Nondeductible Contribution Exception
In rare circumstances, you may have made contributions to your traditional IRA for which you choose not to claim an income tax deduction. In this case, the amount of your Roth IRA conversion that represents these nondeductible contributions can be converted tax-free. For example, if you convert a traditional IRA that has 42 percent nondeductible contributions, 42 percent of your conversion is tax-free. If you convert $30,000, $12,600 does not add to your taxable income -- only $17,400 is the taxable amount.
Tax Rates on Conversions
The taxable amount of your Roth IRA conversion is taxed at your marginal income tax rate, which gives you an incentive to time your conversion to a year that you fall in a lower income tax bracket.
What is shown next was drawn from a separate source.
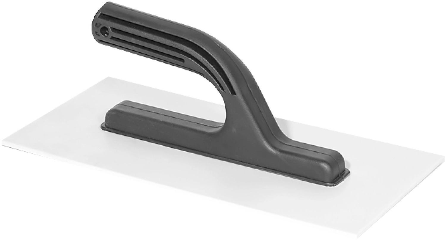 Гладилка прямая 140х280 мм пластиковая с пластмассовой ручкой cостоит из прочной пластиковой рабочей части толщиной 3 мм, а также удобной пластиковой ручки, которая хорошо лежит в руке во время

You may fall in a lower bracket if you are paid on commission and have a poor sales year, are unemployed for a large portion of the year or have many of adjustments and deductions. For example, if you fall in the 20 percent tax bracket, your conversion will be taxed at 20 percent.
Paying the Taxes
The Internal Revenue Service does not prohibit you from taking money from your tax-deferred retirement account to pay the taxes on the conversion. However, unless you are 59 1/2 years old, the IRS will charge not only income taxes on the amount not converted, but also a 10 percent early withdrawal penalty. For example, if you are 50 when you perform the conversion and you withdraw $3,000 to pay for taxes on the conversion, that $3,000 counts as taxable income and you owe a $300 tax penalty. Therefore, you should try to foot your income tax bill from funds outside of your tax-deferred retirement account.